On 8 March, People's Daily published a report from Xinhua News Agency praising Ai Fen as a "heroine [who] has been standing and working hard for more than 40 days and nights".

==The "whistle-blower" incident==
After sharing a photograph of coronavirus lab results on 30 December 2019, it was later reported that on 2 January 2020, Ai was summoned by Cai Li, party chief of Wuhan Central Hospital, and was threatened into silence about the report. Cai was later fired.

On 10 March 2020, the People magazine in China interviewed Ai and published her first-person account in its March article "The Whistle-Blower" (发哨子的人). However, the report was forcibly removed within three hours of its publication on 10 March. The original report on the WeChat public account of the journal was also deleted before noon. The mainland media that forwarded the article also deleted the article.
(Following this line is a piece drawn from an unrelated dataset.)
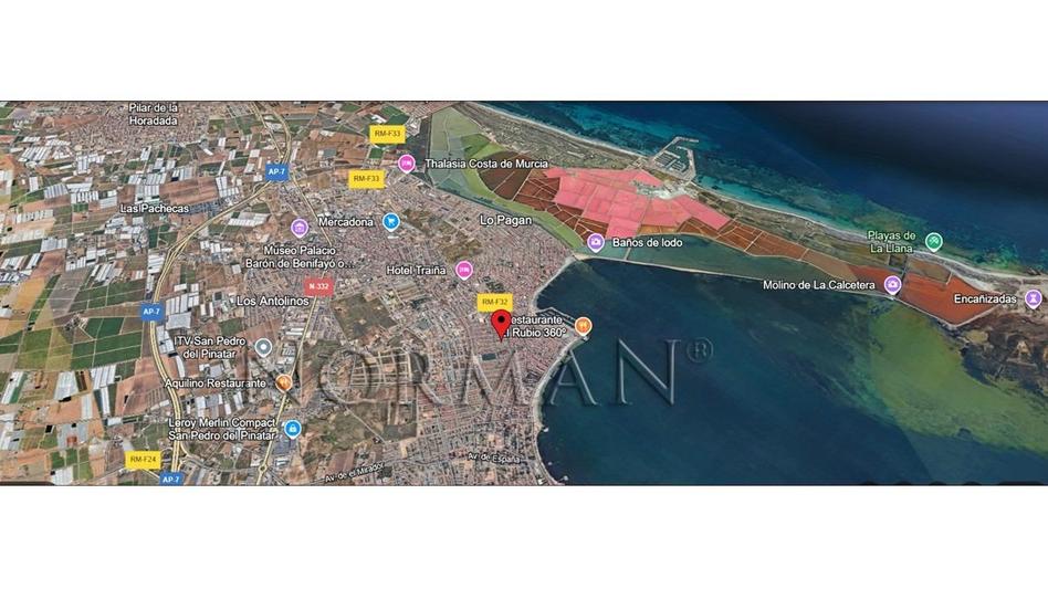 Inmobiliaria Norman le ofrece este solar con 126m² aprox. en una extraordinaria ubicación. Tiene un uso residencial para una o dos viviendas en 2 plantas con porche y patio. La situación es excelente ya que tiene fachada a una de las calles principales de gran anchura, por lo que tiene amplitud de vistas, y desemboca, a escasos metros, en la playa de Villa Nanitos, Puerto deportivo, Club Náutico, Casa del Mar, Lonja de Pescado, mercado semanal, y un largo etc. Al ser un sitio céntrico, aunque tranquilo, está cerca de todos los servicios. También está a un paseo del Parque Regional de las Salinas y Arenales de San Pedro del Pinatar, que es uno de los lugares más bellos de la Región de Murcia en un entorno precioso con fauna (flamencos, garzas, etc.) y flora autóctona. Es ideal para pasear, ir en bici, baños de lodo, bucear, navegar. Disfrutarás de unos preciosos e idílicos atardeceres.

The official website of the China Human Care Association Hospital Humanities Committee, headed by the Chinese National Health Commission, eventually reprinted the report under the header 「如果这些医生都能够得到及时的提醒，或许就不会有这一天」 ("Had doctors been notified promptly, this day might never have come"; a quote from Ai Fen's account), and thanked the reporters.
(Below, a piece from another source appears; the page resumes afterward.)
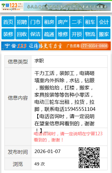 干力工活,装卸工,电镐砸墙室内外拆除,水钻,钻眼,搬搬抬抬,扛楼,搬家,家具按装等等各种小零活,电动三轮车出租,拉货,拉脚,联系电话15945551104 【电话咨询时,请一定说明在望奎信息网看到的,谢谢!】 |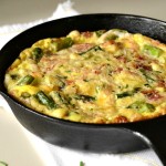 Return the cooked bacon to the pan and pour the egg mixture on top. Bake for about 15 minutes, or until set.

Protesting against the censorship, Chinese Internet users started to pass the article through means such as braille, emoji, morse code and seal script. It has also been translated into English, German, Japanese, elven runes, and the same format as sequences of DNA.

== Dispute with Aier Eye Hospital ==
In 2021, she was involved in a high-profile medical dispute with Aier Eye Hospital. The private hospital performed a cataract surgery on Ai Fen in May 2020. Five months after the procedure she complained that she was nearly blind in one eye with her retina having become detached, leading to a dispute with the hospital over malpractice. She had to stop working after the surgery and during her recovery became too weak to hold her own child, resulting in a mental breakdown. She also said she could no longer walk unaccompanied by family.